Knackered after our walk we trudged the last hundred metres up the the springs when suddenly we were startled by a crazed mooing. Sarah was 10 metres behind us and charging straight up the hill towards her was a demented looking cow mooing manically and freely slavering from the muzzle. She looked pleadingly at us, unable to make her tired legs move fast enough to escape the crazed, rabid beast. Thankfully it suddenly stopped and went back to normal grass munching mode before it completed its murderous rampage.
The view from the hot springs was incredible, this was in the morning hanging out with a couple of Israeli lads:



But lets rewind to that very evening. Along the entire walk up a group of three young Indian men had stuck to us like limpets, stopping when we stopped, going again when we did, attempting random halting conversation in their few words of English. And staring... always staring and staring and staring.
I collapsed into the male side of the hot springs (the girls have to hunker in a wooden shed next door which isn't so good for the view, but great for protecting them from the boring eyes of undersexed Indian men).

If only I had the same protection. Five minutes after I arrived, our trio from the hike jumped in with me. There was staring, whispering and giggling. They blatantly leered as they lasciviously looked me up and down. I bravely ignored them and focussed on the soothing water and the gathering darkness of the mountains. So they would hiss "Australia. AUSTRALIA!" until I turned and said "WHAT?" at which point they would say "Nothing" and then all titter like schoolgirls. Enough, out I got. Immediately out they got too. Bucky with the buck teeth dried himself as close to me as possible and started to chat.
"You go back tomorrow?"
"No, I think we'll stay a while"
"If you go back tomorrow, we go together."
"Uh, ok."
"You are staying here alone?"
"No no, I'm with my two friends."
He leaned in suggestively, "If you are alone, WE will keep you company."
"Gee, thanks. Um I gotta go."
I went to the girls for support and (supportively) they laughed and laughed. And told me I was probably misunderstanding, they were just being friendly and didn't speak English so well. But I know body language. Now I have no problem being chatted up by a trio of Indian lads, but all that dirty staring and whispering and giggling is just unsettling. No worries, the girls deal with it all day every day, suck it up Mike.

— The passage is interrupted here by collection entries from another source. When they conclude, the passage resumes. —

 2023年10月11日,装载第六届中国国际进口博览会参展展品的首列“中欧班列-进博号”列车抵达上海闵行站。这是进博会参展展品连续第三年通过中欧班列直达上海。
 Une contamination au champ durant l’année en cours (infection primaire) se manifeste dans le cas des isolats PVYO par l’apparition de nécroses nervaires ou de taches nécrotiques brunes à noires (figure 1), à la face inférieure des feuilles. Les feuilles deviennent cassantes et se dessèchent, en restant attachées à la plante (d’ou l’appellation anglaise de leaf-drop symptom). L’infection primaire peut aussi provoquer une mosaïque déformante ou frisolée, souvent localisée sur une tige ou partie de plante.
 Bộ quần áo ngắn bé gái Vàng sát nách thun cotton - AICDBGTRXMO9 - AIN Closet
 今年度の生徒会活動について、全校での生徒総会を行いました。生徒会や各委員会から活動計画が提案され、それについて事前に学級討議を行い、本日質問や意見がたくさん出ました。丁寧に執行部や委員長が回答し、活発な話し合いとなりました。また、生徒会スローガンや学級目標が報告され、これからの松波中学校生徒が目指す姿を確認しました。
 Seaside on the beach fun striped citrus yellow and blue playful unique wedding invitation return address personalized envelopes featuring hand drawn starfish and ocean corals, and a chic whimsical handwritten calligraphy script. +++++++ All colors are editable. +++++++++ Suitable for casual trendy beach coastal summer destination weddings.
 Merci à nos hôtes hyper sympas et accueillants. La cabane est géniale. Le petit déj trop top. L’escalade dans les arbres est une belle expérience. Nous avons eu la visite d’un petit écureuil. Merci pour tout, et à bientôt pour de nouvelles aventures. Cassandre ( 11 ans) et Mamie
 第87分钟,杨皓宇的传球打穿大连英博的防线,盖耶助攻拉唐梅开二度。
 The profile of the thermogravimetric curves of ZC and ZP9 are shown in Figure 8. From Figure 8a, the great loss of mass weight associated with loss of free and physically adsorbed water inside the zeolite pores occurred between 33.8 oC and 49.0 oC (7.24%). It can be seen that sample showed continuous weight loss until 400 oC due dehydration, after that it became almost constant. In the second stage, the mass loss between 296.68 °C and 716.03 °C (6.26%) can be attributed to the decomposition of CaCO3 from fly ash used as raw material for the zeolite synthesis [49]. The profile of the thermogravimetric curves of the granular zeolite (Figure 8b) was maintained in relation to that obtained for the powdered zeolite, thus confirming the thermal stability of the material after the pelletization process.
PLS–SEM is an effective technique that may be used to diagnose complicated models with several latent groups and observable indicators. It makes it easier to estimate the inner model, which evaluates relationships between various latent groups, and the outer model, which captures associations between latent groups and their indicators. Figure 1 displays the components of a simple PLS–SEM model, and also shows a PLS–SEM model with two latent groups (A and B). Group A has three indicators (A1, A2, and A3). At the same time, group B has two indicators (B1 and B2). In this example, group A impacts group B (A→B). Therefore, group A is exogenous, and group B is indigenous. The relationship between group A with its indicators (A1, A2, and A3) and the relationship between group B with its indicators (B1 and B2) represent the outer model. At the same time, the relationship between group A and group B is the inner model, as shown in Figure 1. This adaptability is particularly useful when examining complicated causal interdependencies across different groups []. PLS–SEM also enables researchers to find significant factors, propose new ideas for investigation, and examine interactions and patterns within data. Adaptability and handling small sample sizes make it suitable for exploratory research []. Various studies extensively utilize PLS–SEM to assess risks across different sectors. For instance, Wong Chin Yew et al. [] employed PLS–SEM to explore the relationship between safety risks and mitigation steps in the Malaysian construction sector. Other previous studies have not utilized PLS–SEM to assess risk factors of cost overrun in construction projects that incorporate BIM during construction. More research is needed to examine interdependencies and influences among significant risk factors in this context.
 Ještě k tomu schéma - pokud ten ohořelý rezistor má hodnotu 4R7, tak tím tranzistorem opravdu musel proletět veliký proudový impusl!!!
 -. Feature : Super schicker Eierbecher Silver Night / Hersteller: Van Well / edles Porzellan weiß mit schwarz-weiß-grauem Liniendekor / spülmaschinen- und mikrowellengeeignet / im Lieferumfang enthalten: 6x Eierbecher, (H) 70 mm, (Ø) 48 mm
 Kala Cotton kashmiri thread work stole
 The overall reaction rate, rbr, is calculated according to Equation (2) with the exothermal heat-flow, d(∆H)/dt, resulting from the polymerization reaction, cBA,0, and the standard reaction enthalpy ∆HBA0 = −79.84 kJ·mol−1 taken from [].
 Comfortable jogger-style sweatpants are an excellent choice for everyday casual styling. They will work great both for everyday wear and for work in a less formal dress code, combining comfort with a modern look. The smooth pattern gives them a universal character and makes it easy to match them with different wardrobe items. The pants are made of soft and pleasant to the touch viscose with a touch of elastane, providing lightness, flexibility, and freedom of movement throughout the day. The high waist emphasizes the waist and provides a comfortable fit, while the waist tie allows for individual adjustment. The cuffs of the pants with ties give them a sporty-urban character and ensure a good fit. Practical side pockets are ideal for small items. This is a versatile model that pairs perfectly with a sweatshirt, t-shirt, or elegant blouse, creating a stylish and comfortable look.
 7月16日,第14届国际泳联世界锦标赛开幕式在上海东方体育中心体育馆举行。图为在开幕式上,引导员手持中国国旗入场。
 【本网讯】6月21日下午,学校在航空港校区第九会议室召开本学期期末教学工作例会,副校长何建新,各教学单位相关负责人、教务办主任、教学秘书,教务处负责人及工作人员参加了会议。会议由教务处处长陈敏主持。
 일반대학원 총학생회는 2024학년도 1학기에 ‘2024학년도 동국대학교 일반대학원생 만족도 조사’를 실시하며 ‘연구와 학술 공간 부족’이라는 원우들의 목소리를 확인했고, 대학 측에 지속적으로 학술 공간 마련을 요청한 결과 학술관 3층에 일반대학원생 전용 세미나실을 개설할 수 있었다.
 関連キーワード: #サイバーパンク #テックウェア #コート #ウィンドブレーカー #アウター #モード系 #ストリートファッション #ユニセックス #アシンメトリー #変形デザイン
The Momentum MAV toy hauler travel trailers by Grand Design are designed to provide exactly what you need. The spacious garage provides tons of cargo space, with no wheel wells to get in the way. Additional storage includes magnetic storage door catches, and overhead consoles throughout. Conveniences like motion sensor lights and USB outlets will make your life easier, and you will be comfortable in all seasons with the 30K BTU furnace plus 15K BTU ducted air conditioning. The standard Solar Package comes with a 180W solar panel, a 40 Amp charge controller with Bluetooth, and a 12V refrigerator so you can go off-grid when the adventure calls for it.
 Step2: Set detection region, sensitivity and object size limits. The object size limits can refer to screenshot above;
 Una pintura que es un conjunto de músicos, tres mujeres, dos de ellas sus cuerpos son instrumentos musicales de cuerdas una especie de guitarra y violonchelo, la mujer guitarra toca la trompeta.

Next morning I go up the hill for a pre-brekky dip and find a nice Israeli bloke to chat to. Then the three stooges arrive. There's about 5 of us in the pool already, but they only have eyes for me. The same story as last night, but I ignore them and chat with my new mate, sitting on the stairs. Until the tittering is interrupted by Bucky paddling right over to me, looking directly at me and then plonking himself down on the step below me, his bottom snuggled right up against my feet.
So you guys know that age-old move that teenagers in movie theatres always try? The old "fake yawn" and stretching your arms out, then resting one on the shoulders of the prospective love-interest beside you. Imagine that with a guy sitting on the step below you. Yep the arm went right over my legs and the hand right onto my tackle. Kind of hard to carry on a conversation that way.
I pushed him away and told him to piss off and he splashed back, giggling, to his mates. See girls I told you so! You're not the only ones to get sexually harassed in India. Finally all that working out pays off.